U.S. ratification of UNCLOS would give United Nations ability to impose tax on U.S. citizens
UNCLOS uniquely gives the United Nations the ability to impose a tax on nations by use of its royalties assessments on the exploitation of oil and gas reserves.
Quicktabs: Arguments
How about taxing authority? This will be the first time that an international organization has explicitly been given the ability to raise revenues." Now John Moore will quibble, I suspect based on past experience with him, that this is not really a tax. These are fees; these are tithings of some kind, permitting obligations.'" Whatever its name; we would begiving to a U.N. organization the ability to raise its own revenues. And this is going to have precedential implications, especially at a moment when the U.N. is angling to try to find other ways to raise revenues, starting with airline taxes that are already being imposed by some in order to pay for unobjectionable things like AIDS and tuberculosis and other medical treatments through U.N. facilities." That is something conservatives should be concerned about, especially since it ensures that the U.N. will be even less accountable than it is today when it relies on us for a quarter of its funding.
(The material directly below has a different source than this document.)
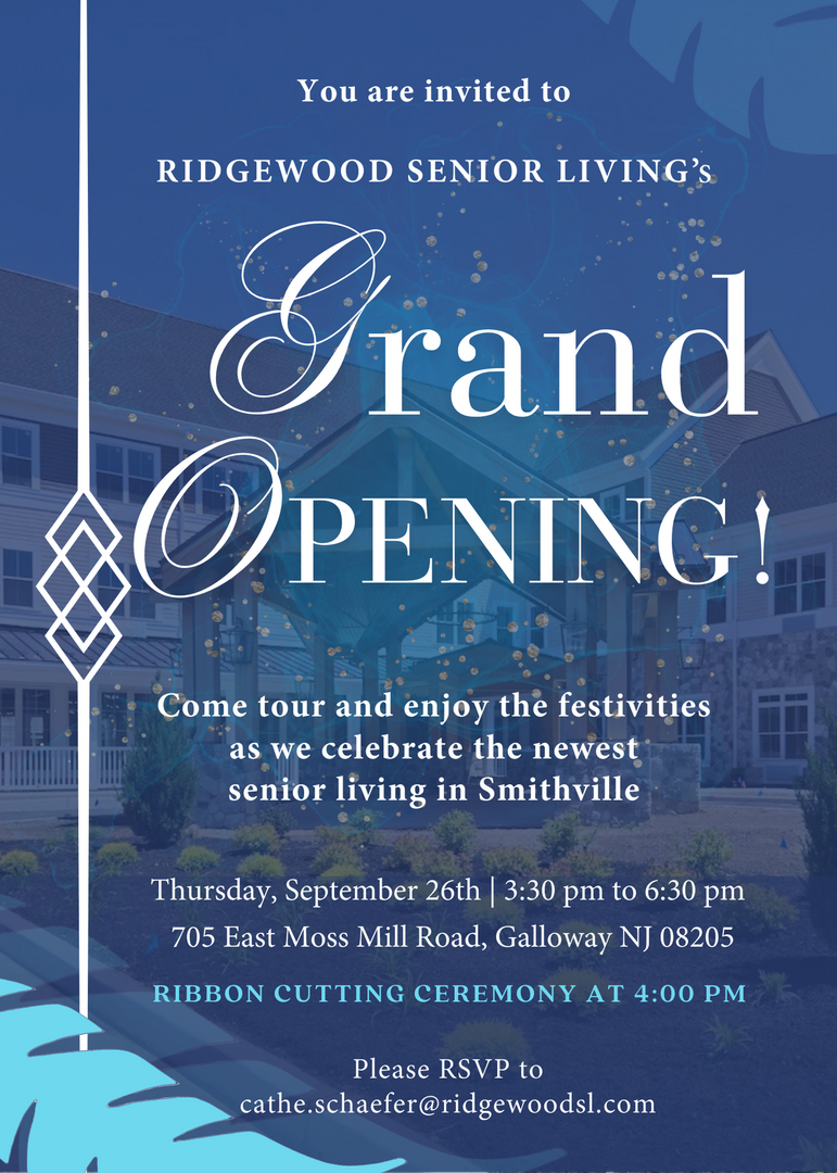 Galloway, NJ – Ridgewood Senior Living is excited to announce the Grand Opening of its new, premier assisted living community on Thursday, September 26, 2024. The event will be held from 3:30 pm to 6:30 pm, with a formal Ribbon Cutting Ceremony at 4:00 pm at the front entrance.

As stated earlier, of the many precedents embodied in the existence of the ISA, the creation of an international bureaucracy with powers to tax, regulate, and enforce its will are perhaps the most dramatic and, in the long term, the most dangerous. The granting of what are essentially sovereign powers is unprecedented and unfortunately fits within a larger pattern of UN behavior-that being, to free itself from the political domination of the five permanent members of the Security Council as well as to insulate itself from the uncertainties and political limitations accompanying the traditional state-sponsored financing of UN operations.
Secretary General Boutros-Boutros Ghali recently proposed to establish a "world tax" on airline tickets and currency exchanges as an independent means of financing the UN. "Faced with $2.3 billion in arrears from member nations that failed to pay their assessments -- including $1.2 billion owed by the United States -- UN officials and others have long sought an independent means to raise money for the organization's annual budget of roughly $3 billion" (Barber 1996). Disclosure of this plan provoked an immediate negative response in the U.S. Senate when majority leader Bob Dole stated that, "the United Nations continues its out-of-control pursuit of power" and along with colleagues called for an immediate investigation (Barber 1996).
Unfortunately, the Law of the Sea Treaty goes far beyond the Ghali plan and may indeed be viewed as a harbinger of future UN efforts to spin-off or reformulate its activities in such a way as to insulate itself from, and possibly become ascendant to, the sovereign character of nation-states. Unless the United States is willing to insist on further renegotiation of the treaty to protect these and other vital interests, the Senate will have little alternative other than rejection and refusal to ratify. Rejection by the Senate appears to be the only action capable of serving as the catalyst to bring all parties back to the table.
Problem #3: A step in the direction of international taxing authority. The Convention contains an ill-advised revenue-sharing provision that is applied to income derived from oil and gas production outside the EEZ. The general bias in the Convention, as I indicated earlier, is in favor of the redistribution of seabed resources. This bias is codified in the area of oil and gas revenues. The U.S. will be forced to pay a contribution to the International Sea-Bed Authority created by the treaty based on a percentage of its production in the applicable area beyond the 200-mile limit.
While he asserted the argument against this revenue-sharing provision was unconvincing, State Department Legal Advisor William H. Taft IV acknowledged it was an argument that could be made in the course of October 21, 2003 testimony before the Senate Foreign Relations Committee. Mr. Taft understates the problem. By any reasonable definition, this provision would for the first time allow a U.N.-affiliated international authority to impose a tax directly on the U.S. for economic activity. At least, I am unaware of any precedent for this kind of international taxing authority.
Shoring up the state system, as recommended by former Secretary of State Shultz, means that international institutions should be funded by the voluntary contributions of their member states. The extent to which these international institutions are allowed access to independent streams of revenue is the extent to which they will seek to obtain governing authority at the expense of the state system. While the revenue-sharing provision related to oil and gas production in the Convention is a relatively modest step in this direction, it is still a step in the wrong direction.